> [Task requirements]: Could you write out, exactly as they stand, only the lines in the listing below from the line with "Notre client souhaitait" to the line with "ES 64 U2-074", both ends included, without the pictures?

> [Listed records]:
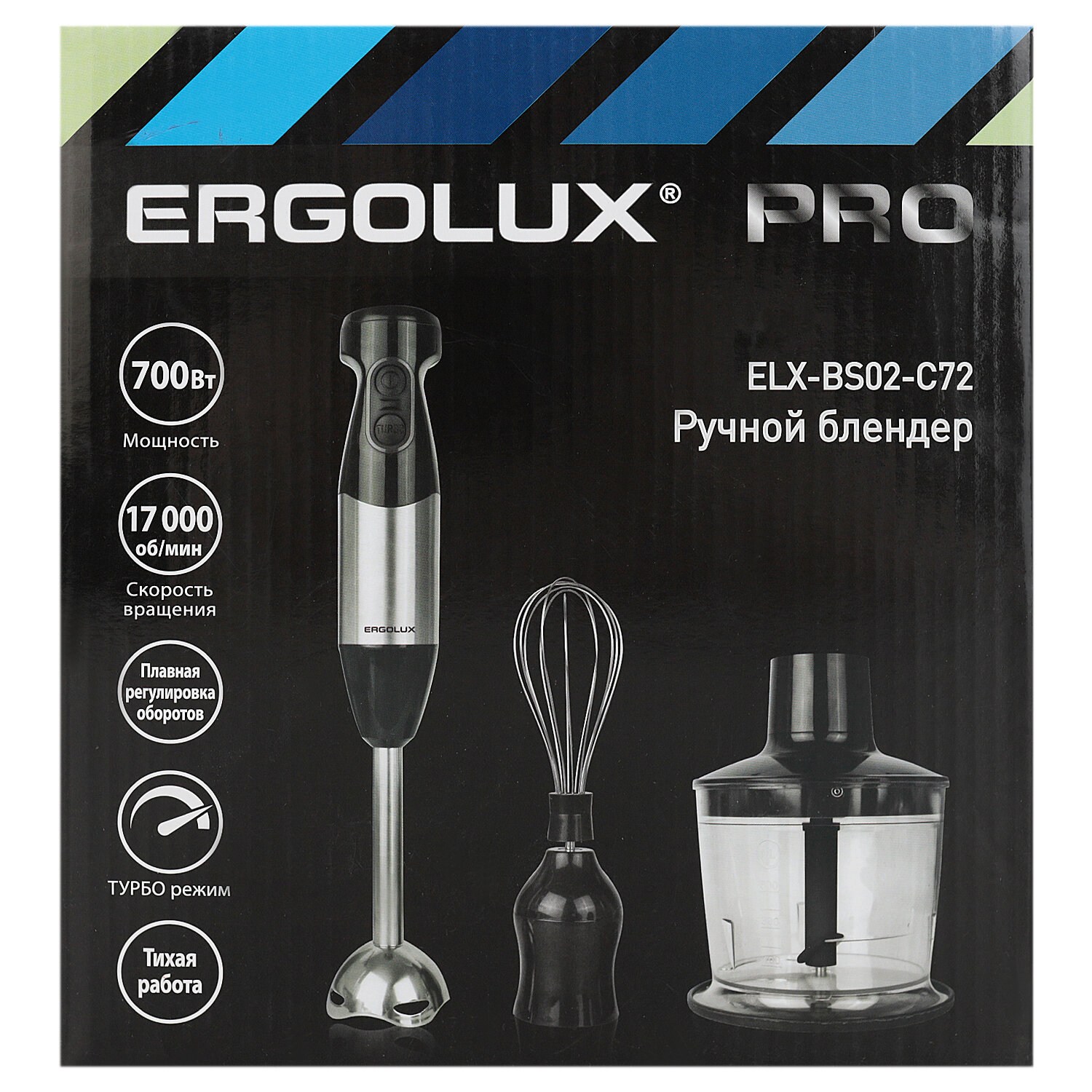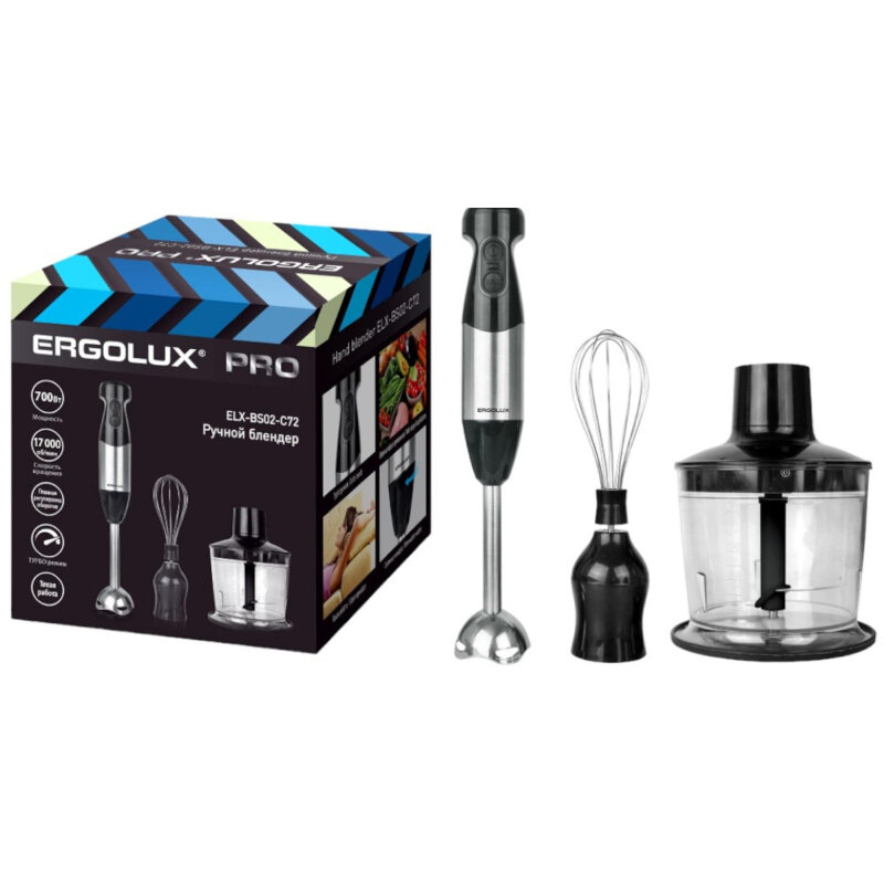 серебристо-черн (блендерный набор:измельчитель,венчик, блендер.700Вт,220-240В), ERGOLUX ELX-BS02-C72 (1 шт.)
==
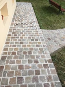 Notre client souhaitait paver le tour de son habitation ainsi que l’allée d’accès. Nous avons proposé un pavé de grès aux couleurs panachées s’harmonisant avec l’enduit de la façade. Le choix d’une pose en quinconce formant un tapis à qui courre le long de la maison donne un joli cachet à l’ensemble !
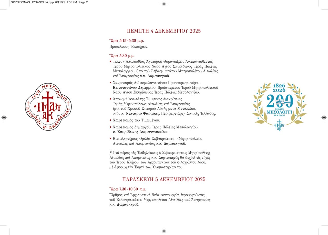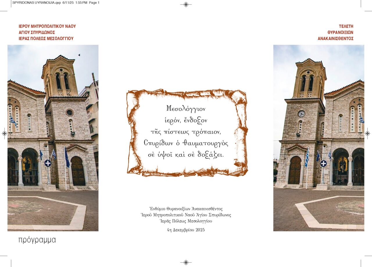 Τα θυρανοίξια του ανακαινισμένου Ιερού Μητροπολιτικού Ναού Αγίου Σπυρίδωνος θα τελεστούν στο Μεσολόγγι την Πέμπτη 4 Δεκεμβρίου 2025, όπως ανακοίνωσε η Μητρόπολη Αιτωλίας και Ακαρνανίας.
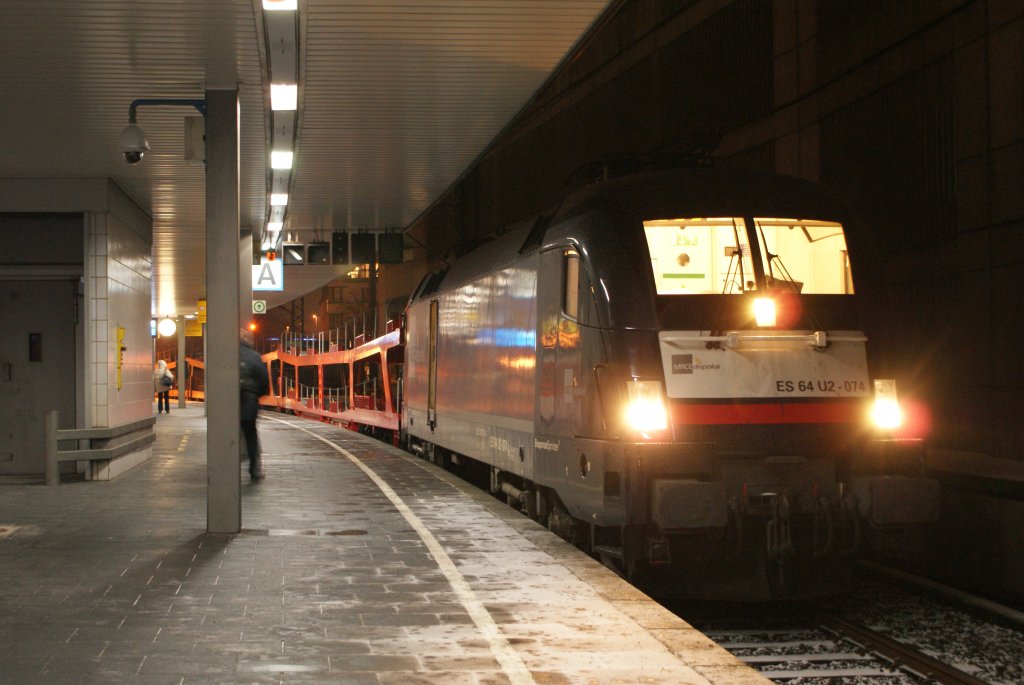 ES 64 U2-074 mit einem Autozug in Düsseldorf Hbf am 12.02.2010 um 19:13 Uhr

> [Your response]:
 Notre client souhaitait paver le tour de son habitation ainsi que l’allée d’accès. Nous avons proposé un pavé de grès aux couleurs panachées s’harmonisant avec l’enduit de la façade. Le choix d’une pose en quinconce formant un tapis à qui courre le long de la maison donne un joli cachet à l’ensemble !
 Τα θυρανοίξια του ανακαινισμένου Ιερού Μητροπολιτικού Ναού Αγίου Σπυρίδωνος θα τελεστούν στο Μεσολόγγι την Πέμπτη 4 Δεκεμβρίου 2025, όπως ανακοίνωσε η Μητρόπολη Αιτωλίας και Ακαρνανίας.
 ES 64 U2-074 mit einem Autozug in Düsseldorf Hbf am 12.02.2010 um 19:13 Uhr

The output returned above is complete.